THE DATA:
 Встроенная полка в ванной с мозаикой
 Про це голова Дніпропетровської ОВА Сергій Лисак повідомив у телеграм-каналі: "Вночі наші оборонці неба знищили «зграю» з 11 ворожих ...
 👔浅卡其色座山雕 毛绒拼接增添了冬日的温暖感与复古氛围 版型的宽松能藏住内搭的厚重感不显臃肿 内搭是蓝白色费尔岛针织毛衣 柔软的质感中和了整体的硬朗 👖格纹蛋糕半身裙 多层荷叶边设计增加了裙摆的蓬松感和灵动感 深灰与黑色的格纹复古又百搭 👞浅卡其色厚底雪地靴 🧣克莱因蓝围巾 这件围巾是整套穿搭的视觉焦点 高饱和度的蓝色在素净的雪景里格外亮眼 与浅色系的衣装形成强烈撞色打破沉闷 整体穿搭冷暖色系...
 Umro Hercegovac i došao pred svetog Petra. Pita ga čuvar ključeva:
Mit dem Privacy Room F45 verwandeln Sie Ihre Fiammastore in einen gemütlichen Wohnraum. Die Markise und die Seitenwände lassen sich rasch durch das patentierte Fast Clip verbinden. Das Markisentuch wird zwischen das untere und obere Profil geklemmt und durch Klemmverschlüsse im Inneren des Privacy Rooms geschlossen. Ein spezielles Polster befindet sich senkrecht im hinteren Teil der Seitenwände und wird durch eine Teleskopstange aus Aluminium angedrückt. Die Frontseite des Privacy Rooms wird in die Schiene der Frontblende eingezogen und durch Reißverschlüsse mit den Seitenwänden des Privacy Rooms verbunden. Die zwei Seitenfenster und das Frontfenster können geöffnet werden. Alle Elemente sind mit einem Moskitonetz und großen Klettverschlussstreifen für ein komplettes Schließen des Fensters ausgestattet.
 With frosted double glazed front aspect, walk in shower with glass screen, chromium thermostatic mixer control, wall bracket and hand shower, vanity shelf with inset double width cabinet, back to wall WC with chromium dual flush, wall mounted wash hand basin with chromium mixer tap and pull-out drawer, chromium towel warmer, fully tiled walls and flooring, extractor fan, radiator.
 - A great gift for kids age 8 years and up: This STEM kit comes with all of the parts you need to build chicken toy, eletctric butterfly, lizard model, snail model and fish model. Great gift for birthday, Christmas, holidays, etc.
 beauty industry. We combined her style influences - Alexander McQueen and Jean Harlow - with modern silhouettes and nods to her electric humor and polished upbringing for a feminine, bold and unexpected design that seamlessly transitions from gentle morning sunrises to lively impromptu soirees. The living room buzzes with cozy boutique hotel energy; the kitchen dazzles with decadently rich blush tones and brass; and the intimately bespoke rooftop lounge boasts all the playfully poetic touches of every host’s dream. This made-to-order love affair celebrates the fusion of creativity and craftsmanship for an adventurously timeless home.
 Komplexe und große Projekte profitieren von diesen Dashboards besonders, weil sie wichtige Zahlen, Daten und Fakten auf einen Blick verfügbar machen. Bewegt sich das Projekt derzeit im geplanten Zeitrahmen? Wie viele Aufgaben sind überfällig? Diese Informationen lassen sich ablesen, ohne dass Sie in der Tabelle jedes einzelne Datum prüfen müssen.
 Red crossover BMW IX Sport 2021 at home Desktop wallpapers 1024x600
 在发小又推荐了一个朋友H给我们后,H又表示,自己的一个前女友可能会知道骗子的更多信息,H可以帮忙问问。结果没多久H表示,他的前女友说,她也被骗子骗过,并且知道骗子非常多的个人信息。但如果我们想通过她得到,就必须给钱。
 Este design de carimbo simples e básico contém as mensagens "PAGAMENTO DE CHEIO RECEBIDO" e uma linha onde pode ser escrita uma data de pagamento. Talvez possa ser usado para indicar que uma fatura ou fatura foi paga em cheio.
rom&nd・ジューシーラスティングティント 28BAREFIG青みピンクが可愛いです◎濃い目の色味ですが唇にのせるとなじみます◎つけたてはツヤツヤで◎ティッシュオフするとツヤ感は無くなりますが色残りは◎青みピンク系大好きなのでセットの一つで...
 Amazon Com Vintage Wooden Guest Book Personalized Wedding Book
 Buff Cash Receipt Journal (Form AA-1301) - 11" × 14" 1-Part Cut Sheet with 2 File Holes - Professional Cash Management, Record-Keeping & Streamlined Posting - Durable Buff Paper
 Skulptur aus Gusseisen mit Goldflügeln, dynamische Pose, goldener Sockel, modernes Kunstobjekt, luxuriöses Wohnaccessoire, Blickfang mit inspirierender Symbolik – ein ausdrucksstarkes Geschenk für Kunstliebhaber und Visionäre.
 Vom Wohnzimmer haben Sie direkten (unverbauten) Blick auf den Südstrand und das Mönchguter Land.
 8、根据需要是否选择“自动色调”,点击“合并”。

WORK INSTRUCTION:
Return the full listing unchanged.

ANSWER BOX:
 Встроенная полка в ванной с мозаикой
 Про це голова Дніпропетровської ОВА Сергій Лисак повідомив у телеграм-каналі: "Вночі наші оборонці неба знищили «зграю» з 11 ворожих ...
 👔浅卡其色座山雕 毛绒拼接增添了冬日的温暖感与复古氛围 版型的宽松能藏住内搭的厚重感不显臃肿 内搭是蓝白色费尔岛针织毛衣 柔软的质感中和了整体的硬朗 👖格纹蛋糕半身裙 多层荷叶边设计增加了裙摆的蓬松感和灵动感 深灰与黑色的格纹复古又百搭 👞浅卡其色厚底雪地靴 🧣克莱因蓝围巾 这件围巾是整套穿搭的视觉焦点 高饱和度的蓝色在素净的雪景里格外亮眼 与浅色系的衣装形成强烈撞色打破沉闷 整体穿搭冷暖色系...
 Umro Hercegovac i došao pred svetog Petra. Pita ga čuvar ključeva:
Mit dem Privacy Room F45 verwandeln Sie Ihre Fiammastore in einen gemütlichen Wohnraum. Die Markise und die Seitenwände lassen sich rasch durch das patentierte Fast Clip verbinden. Das Markisentuch wird zwischen das untere und obere Profil geklemmt und durch Klemmverschlüsse im Inneren des Privacy Rooms geschlossen. Ein spezielles Polster befindet sich senkrecht im hinteren Teil der Seitenwände und wird durch eine Teleskopstange aus Aluminium angedrückt. Die Frontseite des Privacy Rooms wird in die Schiene der Frontblende eingezogen und durch Reißverschlüsse mit den Seitenwänden des Privacy Rooms verbunden. Die zwei Seitenfenster und das Frontfenster können geöffnet werden. Alle Elemente sind mit einem Moskitonetz und großen Klettverschlussstreifen für ein komplettes Schließen des Fensters ausgestattet.
 With frosted double glazed front aspect, walk in shower with glass screen, chromium thermostatic mixer control, wall bracket and hand shower, vanity shelf with inset double width cabinet, back to wall WC with chromium dual flush, wall mounted wash hand basin with chromium mixer tap and pull-out drawer, chromium towel warmer, fully tiled walls and flooring, extractor fan, radiator.
 - A great gift for kids age 8 years and up: This STEM kit comes with all of the parts you need to build chicken toy, eletctric butterfly, lizard model, snail model and fish model. Great gift for birthday, Christmas, holidays, etc.
 beauty industry. We combined her style influences - Alexander McQueen and Jean Harlow - with modern silhouettes and nods to her electric humor and polished upbringing for a feminine, bold and unexpected design that seamlessly transitions from gentle morning sunrises to lively impromptu soirees. The living room buzzes with cozy boutique hotel energy; the kitchen dazzles with decadently rich blush tones and brass; and the intimately bespoke rooftop lounge boasts all the playfully poetic touches of every host’s dream. This made-to-order love affair celebrates the fusion of creativity and craftsmanship for an adventurously timeless home.
 Komplexe und große Projekte profitieren von diesen Dashboards besonders, weil sie wichtige Zahlen, Daten und Fakten auf einen Blick verfügbar machen. Bewegt sich das Projekt derzeit im geplanten Zeitrahmen? Wie viele Aufgaben sind überfällig? Diese Informationen lassen sich ablesen, ohne dass Sie in der Tabelle jedes einzelne Datum prüfen müssen.
 Red crossover BMW IX Sport 2021 at home Desktop wallpapers 1024x600
 在发小又推荐了一个朋友H给我们后,H又表示,自己的一个前女友可能会知道骗子的更多信息,H可以帮忙问问。结果没多久H表示,他的前女友说,她也被骗子骗过,并且知道骗子非常多的个人信息。但如果我们想通过她得到,就必须给钱。
 Este design de carimbo simples e básico contém as mensagens "PAGAMENTO DE CHEIO RECEBIDO" e uma linha onde pode ser escrita uma data de pagamento. Talvez possa ser usado para indicar que uma fatura ou fatura foi paga em cheio.
rom&nd・ジューシーラスティングティント 28BAREFIG青みピンクが可愛いです◎濃い目の色味ですが唇にのせるとなじみます◎つけたてはツヤツヤで◎ティッシュオフするとツヤ感は無くなりますが色残りは◎青みピンク系大好きなのでセットの一つで...
 Amazon Com Vintage Wooden Guest Book Personalized Wedding Book
 Buff Cash Receipt Journal (Form AA-1301) - 11" × 14" 1-Part Cut Sheet with 2 File Holes - Professional Cash Management, Record-Keeping & Streamlined Posting - Durable Buff Paper
 Skulptur aus Gusseisen mit Goldflügeln, dynamische Pose, goldener Sockel, modernes Kunstobjekt, luxuriöses Wohnaccessoire, Blickfang mit inspirierender Symbolik – ein ausdrucksstarkes Geschenk für Kunstliebhaber und Visionäre.
 Vom Wohnzimmer haben Sie direkten (unverbauten) Blick auf den Südstrand und das Mönchguter Land.
 8、根据需要是否选择“自动色调”,点击“合并”。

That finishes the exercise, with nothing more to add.